Quant au journaliste, il lui en coûtera la vie car il est, en 1929, des choses dont on ne saurait parler impunément.
. A travers la quête du journaliste, c’est bien la question de la vérité qui se pose : la vérité d’une vie, la vérité des faits, la mise à jour des intérêts qui manipulent l’information et, en fin de compte, nos propres vies.
. Le personnage de la mère réaffirme le poids des convenances sociales. Exclue de son propre milieu familial (pour cause de grossesse hors mariage), elle traînera sa déchéance comme un boulet jusqu’à ce que la réussite – éphémère – de son fils lui fasse entrevoir une rédemption.
. Le fils, pour sa part, nous dit que la réussite sociale, érigée en principe sacro-saint par la société médiatique, se paie au prix fort – ici, celui de sa vie.
La période historique a valeur métaphorique. L’Amérique de la réussite, l’explosion des empires de la communication, le choix même des milieux pugilistiques (se battre et gagner), la ténacité d’un « cœur pur » symbolisent ce monde dans lequel nous sommes entrés après la Grande Guerre. Les récents événements internationaux confirment que nous n’en sommes pas sortis.
C’est pourquoi cette fable qu’est « K.O. debout » a tant de résonances actuelles. Le combat « pour la vérité » – ici, la dénonciation de la main-mise de l’argent sur le sport – est de toutes les époques et, s’il est des combats plus glorieux (on songe à celui de Galilée face à l’Inquisition), sa leçon n’en a pas moins de force.

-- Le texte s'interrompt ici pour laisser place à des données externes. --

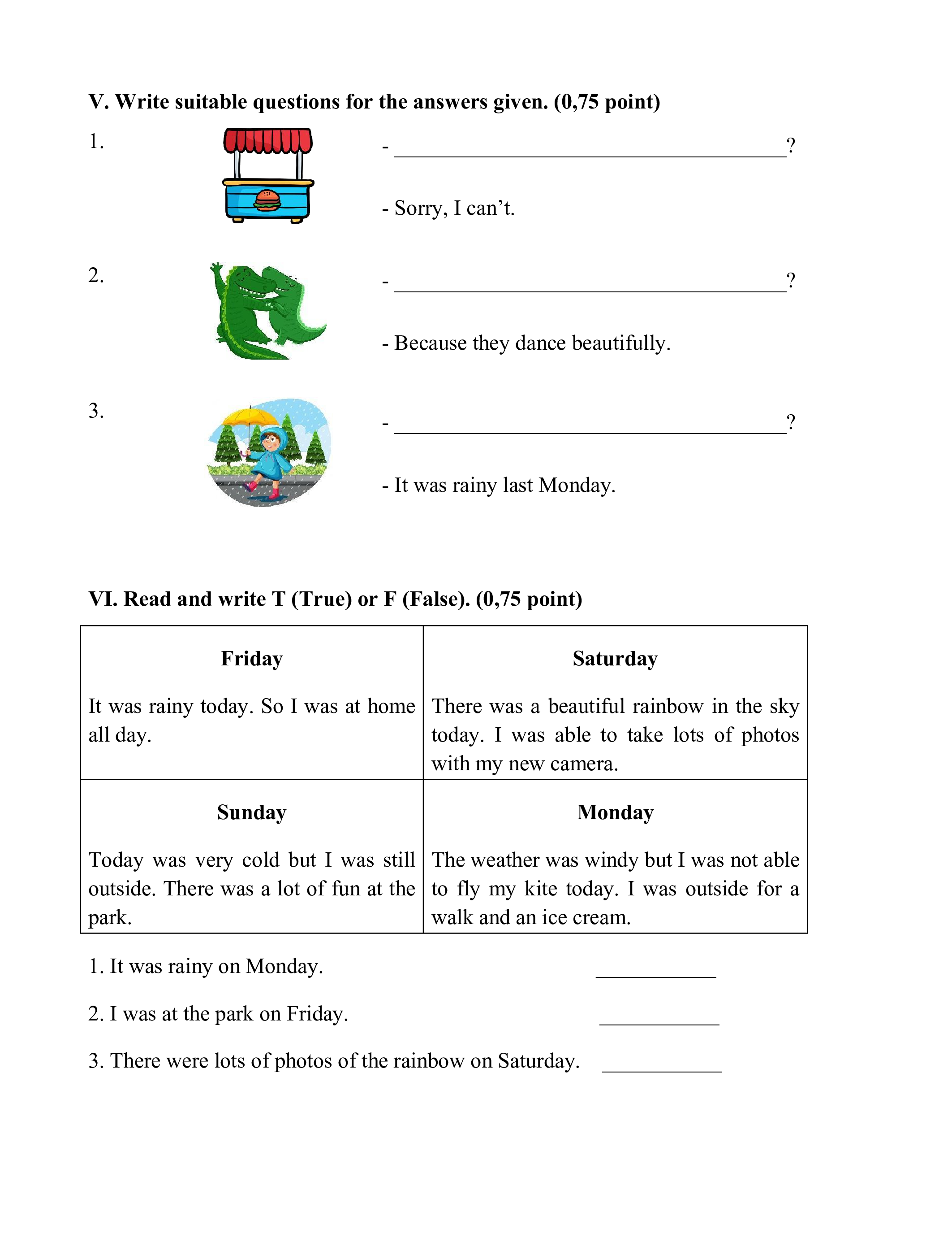 VI. Read and write T (True) or F (False). (0,75 point) Friday Saturday

« K.O. debout » se verra décliner sur trois modes :
. littéraire : un album verra le jour au printemps 2013. Son écriture a été confié à Roger Wallet, romancier et nouvelliste, qui sera également le co-auteur des versions scéniques. L’illustration sera assurée par un jeune dessinateur (école Estienne) prometteur qui signe ses productions du pseudonyme de Pardon. Parution prévue : juin 2013 ;
. scénique grande forme, objet du présent dossier : spectacle grand plateau dans la tradition des productions de la Cie Jean-Pierre Lescot : trois manipulateurs, un responsable du son, des silhouettes recourant aux modes d’animation qui ont fait la singularité de la Cie. Création : fin janvier 2014 ;
. scénique petite forme : spectacle léger destiné à tous lieux, qui traitera du même thème sur le mode Karageuz turc : silhouettes noires articulées dans un registre satirique et vif. Création au printemps 2014.
Les choix scénographiques ne sont pas arrêtés mais il pourrait faire appel, outre aux manipulateurs, à un comédien. Trois personnes « sur » le plateau et une en régie. A quoi s’ajoutera la présence du metteur en scène.
L’esthétique générale du spectacle sera très cinématographique, avec un découpage nerveux et le choix du gros plan comme mode expressif du tragique. Dans le même temps, le traitement télévisuel de l’information trouvera à s’exprimer dans la dramaturgie qui jouera des oppositions, des heurts, pour trouver un rythme interne assez proche de celui d’un combat sur le ring. On jouera des certitudes d’un instant, des revirements, des surprises avant que s’installe la mécanique qui conduira au dévoilement de la vérité – le combat a été truqué – et à la chute de celui qui l’aura révélée.
Il y aura comme dans les précédentes créations de la Cie, superpositions d’arrière-plans colorés et animés (pluie…)
La musique – gospel et blues – jouera un rôle important pour rythmer les scènes.